Task brief ▸ Restate the data exactly, with nothing altered.

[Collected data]

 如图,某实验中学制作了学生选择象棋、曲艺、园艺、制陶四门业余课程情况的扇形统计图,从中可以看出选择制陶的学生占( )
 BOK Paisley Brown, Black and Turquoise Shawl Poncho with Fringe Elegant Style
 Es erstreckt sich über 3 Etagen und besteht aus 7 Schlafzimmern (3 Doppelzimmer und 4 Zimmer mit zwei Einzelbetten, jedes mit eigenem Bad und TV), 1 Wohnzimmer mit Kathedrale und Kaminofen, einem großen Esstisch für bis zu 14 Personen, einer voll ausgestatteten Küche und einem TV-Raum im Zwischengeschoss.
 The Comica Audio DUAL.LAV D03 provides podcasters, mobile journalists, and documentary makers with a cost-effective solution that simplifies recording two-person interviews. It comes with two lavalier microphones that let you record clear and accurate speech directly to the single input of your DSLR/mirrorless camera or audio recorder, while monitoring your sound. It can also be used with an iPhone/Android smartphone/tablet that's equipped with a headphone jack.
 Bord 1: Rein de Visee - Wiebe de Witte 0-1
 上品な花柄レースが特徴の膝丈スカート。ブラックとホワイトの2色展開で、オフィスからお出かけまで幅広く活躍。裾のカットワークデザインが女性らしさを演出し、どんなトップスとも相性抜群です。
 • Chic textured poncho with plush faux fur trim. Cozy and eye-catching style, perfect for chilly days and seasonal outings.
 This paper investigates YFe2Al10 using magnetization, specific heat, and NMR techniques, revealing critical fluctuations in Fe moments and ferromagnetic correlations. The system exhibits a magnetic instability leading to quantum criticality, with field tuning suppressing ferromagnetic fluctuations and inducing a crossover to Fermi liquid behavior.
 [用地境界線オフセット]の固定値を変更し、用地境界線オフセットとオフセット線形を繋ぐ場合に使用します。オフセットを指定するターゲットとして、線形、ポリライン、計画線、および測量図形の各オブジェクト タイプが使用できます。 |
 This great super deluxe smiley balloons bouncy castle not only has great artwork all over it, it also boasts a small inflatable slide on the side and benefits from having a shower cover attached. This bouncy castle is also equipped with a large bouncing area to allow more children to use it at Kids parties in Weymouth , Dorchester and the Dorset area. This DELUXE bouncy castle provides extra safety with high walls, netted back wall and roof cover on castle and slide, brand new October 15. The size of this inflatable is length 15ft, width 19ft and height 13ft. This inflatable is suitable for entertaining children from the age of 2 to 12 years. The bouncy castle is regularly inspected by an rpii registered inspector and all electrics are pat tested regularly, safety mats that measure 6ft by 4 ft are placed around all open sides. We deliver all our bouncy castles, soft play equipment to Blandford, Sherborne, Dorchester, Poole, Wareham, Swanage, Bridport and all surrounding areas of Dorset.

Solved exercise ▸
 如图,某实验中学制作了学生选择象棋、曲艺、园艺、制陶四门业余课程情况的扇形统计图,从中可以看出选择制陶的学生占( )
 BOK Paisley Brown, Black and Turquoise Shawl Poncho with Fringe Elegant Style
 Es erstreckt sich über 3 Etagen und besteht aus 7 Schlafzimmern (3 Doppelzimmer und 4 Zimmer mit zwei Einzelbetten, jedes mit eigenem Bad und TV), 1 Wohnzimmer mit Kathedrale und Kaminofen, einem großen Esstisch für bis zu 14 Personen, einer voll ausgestatteten Küche und einem TV-Raum im Zwischengeschoss.
 The Comica Audio DUAL.LAV D03 provides podcasters, mobile journalists, and documentary makers with a cost-effective solution that simplifies recording two-person interviews. It comes with two lavalier microphones that let you record clear and accurate speech directly to the single input of your DSLR/mirrorless camera or audio recorder, while monitoring your sound. It can also be used with an iPhone/Android smartphone/tablet that's equipped with a headphone jack.
 Bord 1: Rein de Visee - Wiebe de Witte 0-1
 上品な花柄レースが特徴の膝丈スカート。ブラックとホワイトの2色展開で、オフィスからお出かけまで幅広く活躍。裾のカットワークデザインが女性らしさを演出し、どんなトップスとも相性抜群です。
 • Chic textured poncho with plush faux fur trim. Cozy and eye-catching style, perfect for chilly days and seasonal outings.
 This paper investigates YFe2Al10 using magnetization, specific heat, and NMR techniques, revealing critical fluctuations in Fe moments and ferromagnetic correlations. The system exhibits a magnetic instability leading to quantum criticality, with field tuning suppressing ferromagnetic fluctuations and inducing a crossover to Fermi liquid behavior.
 [用地境界線オフセット]の固定値を変更し、用地境界線オフセットとオフセット線形を繋ぐ場合に使用します。オフセットを指定するターゲットとして、線形、ポリライン、計画線、および測量図形の各オブジェクト タイプが使用できます。 |
 This great super deluxe smiley balloons bouncy castle not only has great artwork all over it, it also boasts a small inflatable slide on the side and benefits from having a shower cover attached. This bouncy castle is also equipped with a large bouncing area to allow more children to use it at Kids parties in Weymouth , Dorchester and the Dorset area. This DELUXE bouncy castle provides extra safety with high walls, netted back wall and roof cover on castle and slide, brand new October 15. The size of this inflatable is length 15ft, width 19ft and height 13ft. This inflatable is suitable for entertaining children from the age of 2 to 12 years. The bouncy castle is regularly inspected by an rpii registered inspector and all electrics are pat tested regularly, safety mats that measure 6ft by 4 ft are placed around all open sides. We deliver all our bouncy castles, soft play equipment to Blandford, Sherborne, Dorchester, Poole, Wareham, Swanage, Bridport and all surrounding areas of Dorset.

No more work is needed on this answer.